System Design Networking: DNS, CDNs, and Load Balancers

The internet's traffic control system. We explain how DNS resolves names, CDNs cache content, and Load Balancers distribute traffic.

System Design Interview Prep

Abstract Algorithms

·Feb 8, 2026·16 min read

Cover Image for System Design Networking: DNS, CDNs, and Load Balancers

📚

Intermediate

For developers with some experience. Builds on fundamentals.

Estimated read time: 16 min

AI-assisted content. This post may have been written or enhanced with AI tools. Please verify critical information independently.

TLDR: When you hit a URL, DNS translates the name to an IP, CDNs serve static assets from the edge nearest to you, and Load Balancers spread traffic across many servers so no single machine becomes a bottleneck. These three layers are the traffic control system of the modern internet.
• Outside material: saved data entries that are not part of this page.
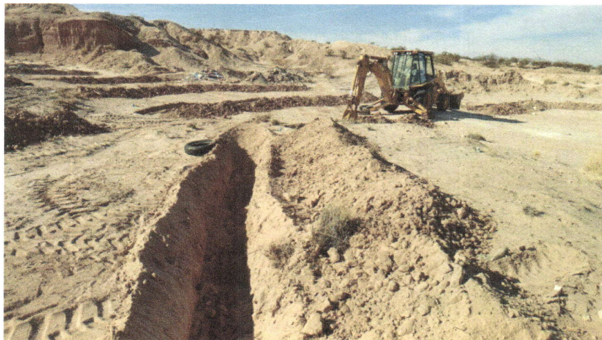
Imagen 8. Proceso de elaboración de zanjas trinchera con maquinaria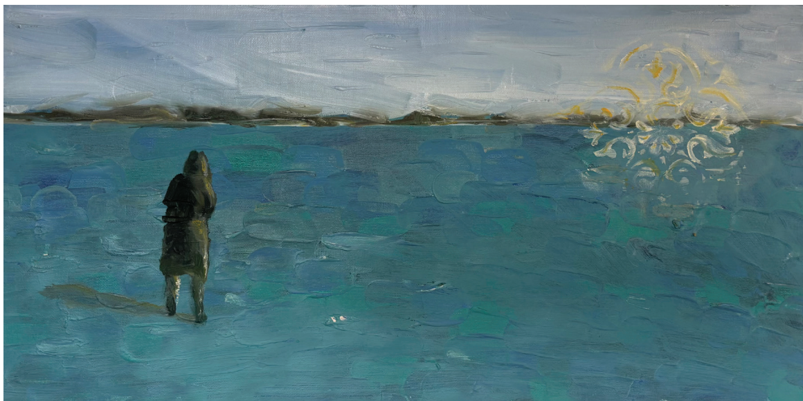
איך? אקריליק על בד, 2024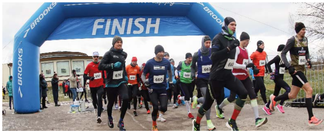
Starts 6.Līvenhofas skrējienam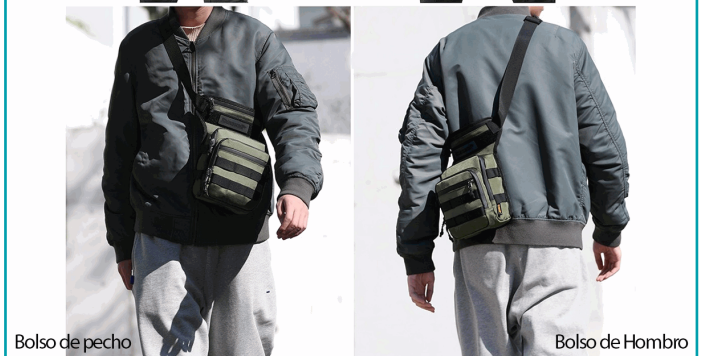
Bolso de pecho

🌐 Three Layers That Stand Between a User and Your Server

In 2021, GitHub went dark for nearly two hours. The cause was a misconfigured BGP route that blackholed traffic to GitHub's DNS servers — meaning no request could resolve github.com to an IP address at all, let alone reach an application server. The outage was not a code bug or a database crash; it was a failure in the three infrastructure layers that execute before your application code ever runs.

Understanding DNS, CDNs, and load balancers — and critically, how they fail — is what separates engineers who can debug production outages from those who just restart services and hope.
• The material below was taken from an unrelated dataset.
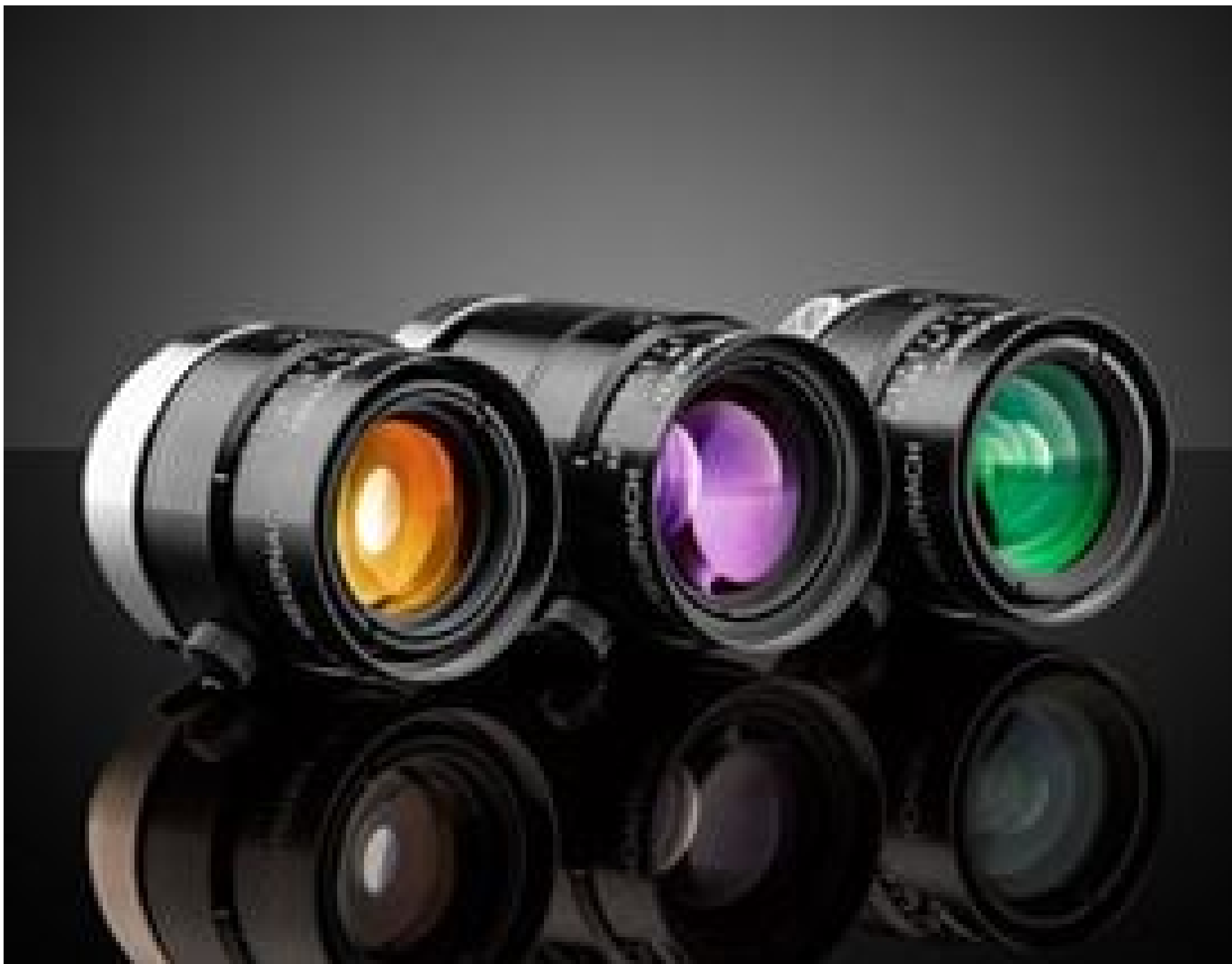
Schneider Compact MS-NIR Lenses

When DNS resolution fails, the client never receives an IP address to connect to. A dig or nslookup command simply times out with no servers reachable — meaning every user on every device sees a blank page, not because GitHub's servers were down, but because the phone book pointing to those servers was unreachable. No DNS resolution means no request ever gets off the ground.

Every web request travels through at least three invisible layers before it reaches your application code:

DNS (Domain Name System) — translates a human-readable hostname like github.com into a machine-readable IP address. Think of it as the internet's phone book: without it, nothing is addressable by name.
CDN (Content Delivery Network) — serves cached assets (images, JS, CSS) from a server geographically close to the user, cutting the round-trip distance to your origin.
Load Balancer — distributes live requests across a pool of backend servers, removing any single point of failure.
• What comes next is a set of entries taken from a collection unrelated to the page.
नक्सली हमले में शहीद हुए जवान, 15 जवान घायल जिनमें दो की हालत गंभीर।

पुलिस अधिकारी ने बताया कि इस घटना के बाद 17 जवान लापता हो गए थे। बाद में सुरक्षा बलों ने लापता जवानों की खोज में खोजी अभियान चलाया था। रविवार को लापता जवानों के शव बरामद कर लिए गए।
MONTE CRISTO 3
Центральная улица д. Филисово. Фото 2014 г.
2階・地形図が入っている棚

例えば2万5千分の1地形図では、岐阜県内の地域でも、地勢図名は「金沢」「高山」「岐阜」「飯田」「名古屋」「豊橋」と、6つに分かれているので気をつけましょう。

Remove any one of these, and your system either breaks under load, slows to a crawl for distant users, or collapses on a single node.

Layer	Role	What breaks without it
DNS	Name → IP resolution	Nothing is reachable by hostname
CDN	Edge caching of static content	All requests hit origin; high latency for distant users
Load Balancer	Traffic distribution	Single-server bottleneck; no fault tolerance

🔍 The Building Blocks: What Each Component Does

Every web request to your application routes through three core network layers before reaching your code.

DNS (Domain Name System) is the phone book of the internet: it translates human-readable hostnames like api.example.com into machine-readable IP addresses. Without DNS, users would need to memorize IP addresses directly to reach your service.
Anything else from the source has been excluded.